Un par de semanas después de haber llamado por teléfono a mi viejo camarada de guerra Bernard V.
O’Hare, fui a verlo en persona. Esto habrá sucedido en 1964 más o menos. Me llevé a dos niñas, mi hija
Nanny y su mejor amiga, Allison Mitchell.
Cuando se puso el sol, llamé a la puerta principal de la hermosa mansión de Bernard V. O’Hare. Yo llevaba
una botella de whisky irlandés.
Conocí a su encantadora esposa, Mary. Ella halagó a las dos niñas que traía conmigo y se las llevó escaleras
arriba, con sus hijos, para que jugaran juntos y vieran la televisión. Solo después de que los niños se
marcharon me di cuenta de que yo no le gustaba a Mary, o que no le gustaba algo de aquella noche. Se
mostraba cortés pero fría.
—Tienes una casa preciosa y agradable —dije.

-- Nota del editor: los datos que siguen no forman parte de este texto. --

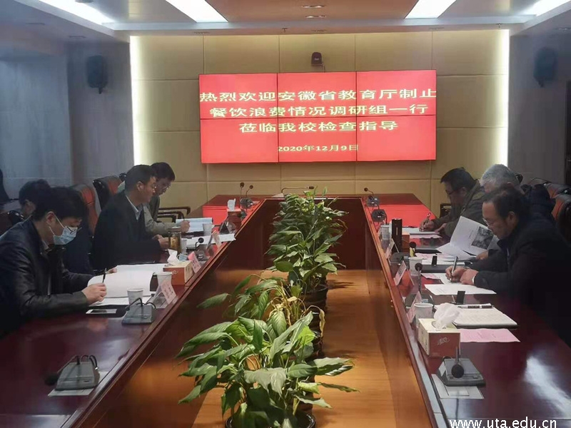 本网讯(后勤管理处通讯员 高立克) 为深入贯彻落实习近平总书记关于制止餐饮浪费行为的重要指示精神,根据教育部工作部署和《安徽省教育厅关于开展学院餐饮浪费情况自查自纠专项工作的通知》要求, 12月9日上午, 省教育厅制止餐饮浪费情况调研组第五组一行四人莅临我校检查指导厉行节约制止餐饮浪费工作开展情况。党委副书记、纪委书记郭淼、后勤管理处处长陶新南等相关负责人热情接待了调研组一行。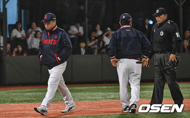 이날 김태형 감독은 "퇴장 당할 줄 알고 나간거다. 여기서 봤을 떼 베이스를 미리 밟고 있었는지, 아니면 베이스 측면을 못 밟고 있었을 수도 있었다. 굉장히 애매했는데 심판에게 물어봤다. 상황이 아쉬웠다"라고 설명했다.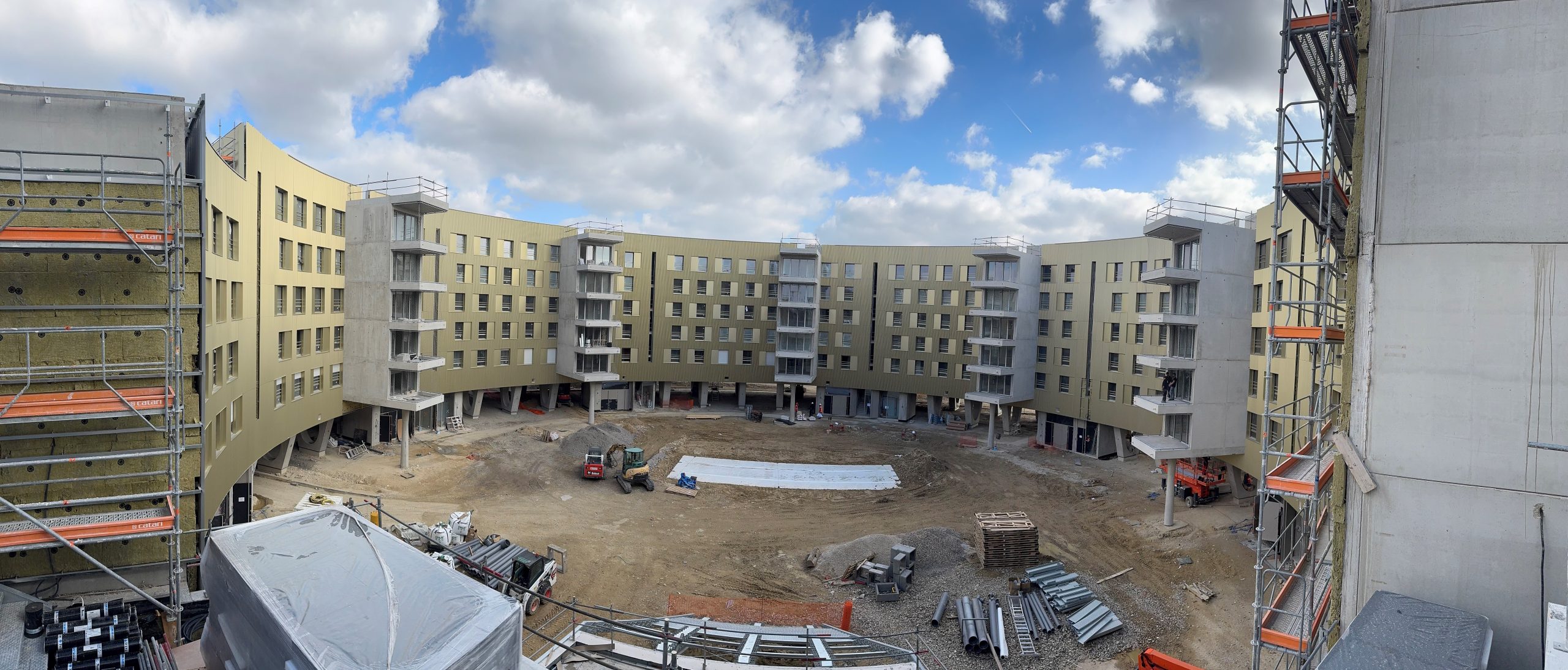 Ce sont 438 modules préassemblés en usine, totalisant près de 2 880 m², qui ont été conçus, fabriqués et livrés depuis notre site du Havre.

Y era cierto. Pero ella hizo como si no hubiera oído, y comentó:
—He arreglado un lugar donde pueden charlar tranquilos, sin que los molesten. —Bien —contesté, e
imaginé enseguida dos sillones de piel junto al hogar encendido
de una salita con paneles de madera, donde dos viejos soldados podrían beber y charlar. Pero ella nos llevó
a la cocina y nos hizo sentar en dos sillas de respaldo rígido, junto a la típica mesa de superficie blanca y
brillante.
Nos sentamos. O’Hare estaba algo confuso, pero no me decía lo que ocurría. Por mi parte, no podía imaginar
qué era lo que podía molestar a Mary de aquella manera. Yo era un hombre de buena familia, me había
casado solamente una vez, no era un borracho y no le había hecho nada sucio a su marido durante la guerra.
Ella se sirvió una Coca-Cola, haciendo un ostentoso ruido con los cubitos de hielo sobre el fregadero de
acero inoxidable. Después se fue al otro extremo de la casa.

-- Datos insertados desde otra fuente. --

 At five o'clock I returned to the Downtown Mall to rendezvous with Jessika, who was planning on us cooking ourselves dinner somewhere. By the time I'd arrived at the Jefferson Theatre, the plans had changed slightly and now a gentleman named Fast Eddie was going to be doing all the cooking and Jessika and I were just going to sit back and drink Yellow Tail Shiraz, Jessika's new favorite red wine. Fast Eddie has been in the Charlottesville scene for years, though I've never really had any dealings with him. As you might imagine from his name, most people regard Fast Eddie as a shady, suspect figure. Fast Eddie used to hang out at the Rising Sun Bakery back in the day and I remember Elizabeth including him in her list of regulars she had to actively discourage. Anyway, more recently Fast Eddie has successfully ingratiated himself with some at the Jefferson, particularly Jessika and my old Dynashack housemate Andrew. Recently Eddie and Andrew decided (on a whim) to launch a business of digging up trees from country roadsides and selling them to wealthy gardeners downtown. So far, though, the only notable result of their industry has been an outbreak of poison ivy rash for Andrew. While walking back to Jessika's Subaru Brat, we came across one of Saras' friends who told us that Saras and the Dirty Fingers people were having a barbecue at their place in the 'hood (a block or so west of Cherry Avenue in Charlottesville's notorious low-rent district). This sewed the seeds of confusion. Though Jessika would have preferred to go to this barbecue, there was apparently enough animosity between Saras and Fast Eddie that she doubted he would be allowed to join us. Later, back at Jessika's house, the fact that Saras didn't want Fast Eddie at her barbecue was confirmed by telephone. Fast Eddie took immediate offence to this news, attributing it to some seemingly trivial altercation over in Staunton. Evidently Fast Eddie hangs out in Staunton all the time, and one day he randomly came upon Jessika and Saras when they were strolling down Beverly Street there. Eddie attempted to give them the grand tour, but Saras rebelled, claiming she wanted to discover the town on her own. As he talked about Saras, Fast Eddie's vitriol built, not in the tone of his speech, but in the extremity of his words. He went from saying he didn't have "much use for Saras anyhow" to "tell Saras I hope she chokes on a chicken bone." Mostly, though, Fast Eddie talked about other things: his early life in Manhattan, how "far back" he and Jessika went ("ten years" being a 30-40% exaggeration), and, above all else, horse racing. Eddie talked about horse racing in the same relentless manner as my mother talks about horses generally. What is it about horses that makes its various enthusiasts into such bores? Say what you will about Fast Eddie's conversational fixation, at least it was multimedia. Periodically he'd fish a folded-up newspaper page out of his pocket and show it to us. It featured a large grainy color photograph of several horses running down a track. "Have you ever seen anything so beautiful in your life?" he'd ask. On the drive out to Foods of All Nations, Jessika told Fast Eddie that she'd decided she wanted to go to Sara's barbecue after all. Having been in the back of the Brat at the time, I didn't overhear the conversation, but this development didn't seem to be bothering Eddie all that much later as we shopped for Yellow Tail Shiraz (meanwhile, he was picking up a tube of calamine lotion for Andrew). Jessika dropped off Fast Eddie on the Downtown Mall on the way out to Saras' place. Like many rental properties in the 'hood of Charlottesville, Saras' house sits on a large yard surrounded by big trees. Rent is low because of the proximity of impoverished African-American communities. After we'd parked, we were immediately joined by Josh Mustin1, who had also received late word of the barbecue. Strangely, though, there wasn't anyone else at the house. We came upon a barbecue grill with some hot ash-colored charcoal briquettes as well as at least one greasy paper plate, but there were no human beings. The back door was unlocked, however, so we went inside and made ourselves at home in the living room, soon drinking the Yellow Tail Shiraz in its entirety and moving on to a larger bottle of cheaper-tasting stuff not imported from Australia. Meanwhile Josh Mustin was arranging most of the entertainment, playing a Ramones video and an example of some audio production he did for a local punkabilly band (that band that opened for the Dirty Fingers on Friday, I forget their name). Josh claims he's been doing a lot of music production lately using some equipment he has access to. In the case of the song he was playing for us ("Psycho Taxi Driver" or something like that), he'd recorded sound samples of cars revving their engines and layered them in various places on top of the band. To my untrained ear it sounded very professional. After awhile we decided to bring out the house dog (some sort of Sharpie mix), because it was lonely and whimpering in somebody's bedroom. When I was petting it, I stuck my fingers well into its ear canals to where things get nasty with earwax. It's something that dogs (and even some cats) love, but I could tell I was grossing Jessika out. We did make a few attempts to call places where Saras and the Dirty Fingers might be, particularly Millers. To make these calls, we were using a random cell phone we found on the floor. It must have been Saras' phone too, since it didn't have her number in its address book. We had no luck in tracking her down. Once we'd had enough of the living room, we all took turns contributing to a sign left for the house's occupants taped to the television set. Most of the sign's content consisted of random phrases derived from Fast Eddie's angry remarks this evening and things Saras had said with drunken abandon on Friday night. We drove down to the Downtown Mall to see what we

Le pregunté a O’Hare qué podía haber hecho o dicho para irritarla de aquella manera.
—Todo va bien —dijo él—. No te preocupes por ello. No tiene nada que ver contigo.
Estábamos allí intentando recordar, y Mary continuaba haciendo ruido. Al final entró en la cocina otra vez y
tomó otra Coca-Cola. De nuevo sacó una bandeja de cubitos de la nevera y la golpeó en el fregadero.

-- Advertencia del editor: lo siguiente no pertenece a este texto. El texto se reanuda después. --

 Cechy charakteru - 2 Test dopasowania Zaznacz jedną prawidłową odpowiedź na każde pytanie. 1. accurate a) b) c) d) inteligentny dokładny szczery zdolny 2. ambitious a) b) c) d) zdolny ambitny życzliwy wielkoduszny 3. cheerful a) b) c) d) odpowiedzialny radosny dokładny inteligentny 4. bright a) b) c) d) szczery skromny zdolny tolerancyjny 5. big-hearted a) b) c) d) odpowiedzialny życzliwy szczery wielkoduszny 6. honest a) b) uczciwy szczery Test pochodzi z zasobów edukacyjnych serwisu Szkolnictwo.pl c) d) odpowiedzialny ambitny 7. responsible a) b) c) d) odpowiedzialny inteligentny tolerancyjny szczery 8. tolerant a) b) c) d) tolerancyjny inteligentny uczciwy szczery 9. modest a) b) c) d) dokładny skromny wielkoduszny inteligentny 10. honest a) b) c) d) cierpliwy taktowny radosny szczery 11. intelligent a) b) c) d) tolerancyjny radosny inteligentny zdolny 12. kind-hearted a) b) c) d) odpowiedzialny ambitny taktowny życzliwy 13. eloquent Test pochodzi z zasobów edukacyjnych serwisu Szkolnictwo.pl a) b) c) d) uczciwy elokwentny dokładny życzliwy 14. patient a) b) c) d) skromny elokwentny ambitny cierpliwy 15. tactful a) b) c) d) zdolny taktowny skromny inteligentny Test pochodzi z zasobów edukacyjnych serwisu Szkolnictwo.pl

—¡Entonces no eran más que niños!
—¿Qué? —pregunté.
—Durante la guerra no eran más que unos niños, como los que ahora juegan arriba. Asentí. Era cierto,
durante la guerra no éramos más que unos necios e ingenuos
bebés.
—Pero no lo escribirás así, claro —prosiguió. No era una pregunta; era una
acusación.
—Yo... no sé —balbucí.
—Pues yo sí que lo sé —exclamó—. Pretenderás hacer creer que eran verdaderos
hombres, no unos niños, y un día serán representados en el cine por Frank Sinatra, John Wayne o cualquier
otro de los encantadores y guerreros galanes de la pantalla. Y la guerra parecerá algo tan maravilloso que
tendremos muchas más. Y la harán unos niños como los que están jugando arriba.
Fuente: Kurt Vonnegut, Matadero cinco. Trad. Margarita García de Miró. Barcelona: Editorial Anagrama
(1991), pp. 18-21 (fragmento adaptado).